## TRY IT:
Give back exactly the first lines of the entries below, through the line with "Freud's Diablo Steel".

## Items from a dataset:

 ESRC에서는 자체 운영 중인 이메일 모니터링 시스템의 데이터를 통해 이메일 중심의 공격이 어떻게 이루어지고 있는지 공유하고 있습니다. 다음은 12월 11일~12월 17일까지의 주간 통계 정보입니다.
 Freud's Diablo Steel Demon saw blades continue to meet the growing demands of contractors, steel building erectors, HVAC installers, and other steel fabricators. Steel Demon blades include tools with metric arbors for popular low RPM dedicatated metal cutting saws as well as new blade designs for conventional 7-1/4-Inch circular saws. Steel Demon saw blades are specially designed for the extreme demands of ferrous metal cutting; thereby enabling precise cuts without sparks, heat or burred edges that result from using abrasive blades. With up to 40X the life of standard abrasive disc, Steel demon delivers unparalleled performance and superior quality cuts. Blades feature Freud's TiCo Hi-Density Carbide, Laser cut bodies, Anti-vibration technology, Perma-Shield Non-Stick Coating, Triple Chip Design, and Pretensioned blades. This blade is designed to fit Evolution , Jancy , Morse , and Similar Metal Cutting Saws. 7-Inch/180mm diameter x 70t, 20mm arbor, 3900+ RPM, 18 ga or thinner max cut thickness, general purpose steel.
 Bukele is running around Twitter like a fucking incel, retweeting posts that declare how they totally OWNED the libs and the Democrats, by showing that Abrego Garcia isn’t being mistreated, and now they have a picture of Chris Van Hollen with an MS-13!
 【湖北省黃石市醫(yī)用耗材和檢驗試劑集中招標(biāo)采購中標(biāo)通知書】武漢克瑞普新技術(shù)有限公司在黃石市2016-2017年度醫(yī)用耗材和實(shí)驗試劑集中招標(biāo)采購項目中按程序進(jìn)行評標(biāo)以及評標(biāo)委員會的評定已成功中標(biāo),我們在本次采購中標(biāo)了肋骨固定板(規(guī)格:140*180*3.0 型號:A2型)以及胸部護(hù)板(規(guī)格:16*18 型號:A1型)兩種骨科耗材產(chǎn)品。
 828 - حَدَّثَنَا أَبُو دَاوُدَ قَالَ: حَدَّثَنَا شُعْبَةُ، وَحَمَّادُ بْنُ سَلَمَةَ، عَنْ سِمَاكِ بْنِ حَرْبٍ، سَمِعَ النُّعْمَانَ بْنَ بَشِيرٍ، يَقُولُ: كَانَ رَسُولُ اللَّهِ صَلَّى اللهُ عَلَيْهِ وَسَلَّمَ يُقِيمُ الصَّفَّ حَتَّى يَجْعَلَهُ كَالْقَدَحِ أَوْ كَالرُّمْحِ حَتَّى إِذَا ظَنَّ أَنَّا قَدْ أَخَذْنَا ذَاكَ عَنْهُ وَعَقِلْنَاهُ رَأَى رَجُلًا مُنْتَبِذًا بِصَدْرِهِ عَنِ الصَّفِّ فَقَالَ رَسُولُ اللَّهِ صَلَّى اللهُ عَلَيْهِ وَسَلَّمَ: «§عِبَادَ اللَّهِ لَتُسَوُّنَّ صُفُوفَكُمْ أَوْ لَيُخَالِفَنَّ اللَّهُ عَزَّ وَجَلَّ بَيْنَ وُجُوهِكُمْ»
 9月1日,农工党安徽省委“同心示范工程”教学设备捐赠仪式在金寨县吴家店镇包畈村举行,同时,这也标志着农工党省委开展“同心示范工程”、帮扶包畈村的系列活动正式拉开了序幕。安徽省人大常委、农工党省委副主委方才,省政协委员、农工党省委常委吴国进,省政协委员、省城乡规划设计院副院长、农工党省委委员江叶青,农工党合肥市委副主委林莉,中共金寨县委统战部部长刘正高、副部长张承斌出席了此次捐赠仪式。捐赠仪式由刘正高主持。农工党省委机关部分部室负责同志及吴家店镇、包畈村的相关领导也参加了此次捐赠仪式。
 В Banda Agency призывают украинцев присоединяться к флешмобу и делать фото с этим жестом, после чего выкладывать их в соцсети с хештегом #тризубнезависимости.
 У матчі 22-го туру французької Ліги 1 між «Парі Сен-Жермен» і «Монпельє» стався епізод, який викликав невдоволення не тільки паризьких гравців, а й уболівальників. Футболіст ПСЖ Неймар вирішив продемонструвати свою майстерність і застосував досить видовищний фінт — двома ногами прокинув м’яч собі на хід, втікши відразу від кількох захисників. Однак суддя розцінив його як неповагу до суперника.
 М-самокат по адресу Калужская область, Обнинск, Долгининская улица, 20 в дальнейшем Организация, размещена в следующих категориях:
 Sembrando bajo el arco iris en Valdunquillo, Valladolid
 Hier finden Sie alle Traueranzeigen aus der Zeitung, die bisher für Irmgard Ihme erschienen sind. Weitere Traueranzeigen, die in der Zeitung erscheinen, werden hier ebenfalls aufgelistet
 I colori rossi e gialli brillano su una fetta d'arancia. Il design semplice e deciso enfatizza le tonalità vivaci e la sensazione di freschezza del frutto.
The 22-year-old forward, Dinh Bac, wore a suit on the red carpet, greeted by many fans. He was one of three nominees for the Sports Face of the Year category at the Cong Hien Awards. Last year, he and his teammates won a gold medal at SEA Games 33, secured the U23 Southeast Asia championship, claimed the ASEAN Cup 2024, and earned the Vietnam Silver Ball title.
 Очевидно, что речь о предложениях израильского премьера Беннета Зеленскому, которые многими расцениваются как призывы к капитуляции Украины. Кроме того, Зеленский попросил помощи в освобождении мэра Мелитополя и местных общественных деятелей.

## ANSWER FOR THE TASK:
 ESRC에서는 자체 운영 중인 이메일 모니터링 시스템의 데이터를 통해 이메일 중심의 공격이 어떻게 이루어지고 있는지 공유하고 있습니다. 다음은 12월 11일~12월 17일까지의 주간 통계 정보입니다.
 Freud's Diablo Steel Demon saw blades continue to meet the growing demands of contractors, steel building erectors, HVAC installers, and other steel fabricators. Steel Demon blades include tools with metric arbors for popular low RPM dedicatated metal cutting saws as well as new blade designs for conventional 7-1/4-Inch circular saws. Steel Demon saw blades are specially designed for the extreme demands of ferrous metal cutting; thereby enabling precise cuts without sparks, heat or burred edges that result from using abrasive blades. With up to 40X the life of standard abrasive disc, Steel demon delivers unparalleled performance and superior quality cuts. Blades feature Freud's TiCo Hi-Density Carbide, Laser cut bodies, Anti-vibration technology, Perma-Shield Non-Stick Coating, Triple Chip Design, and Pretensioned blades. This blade is designed to fit Evolution , Jancy , Morse , and Similar Metal Cutting Saws. 7-Inch/180mm diameter x 70t, 20mm arbor, 3900+ RPM, 18 ga or thinner max cut thickness, general purpose steel.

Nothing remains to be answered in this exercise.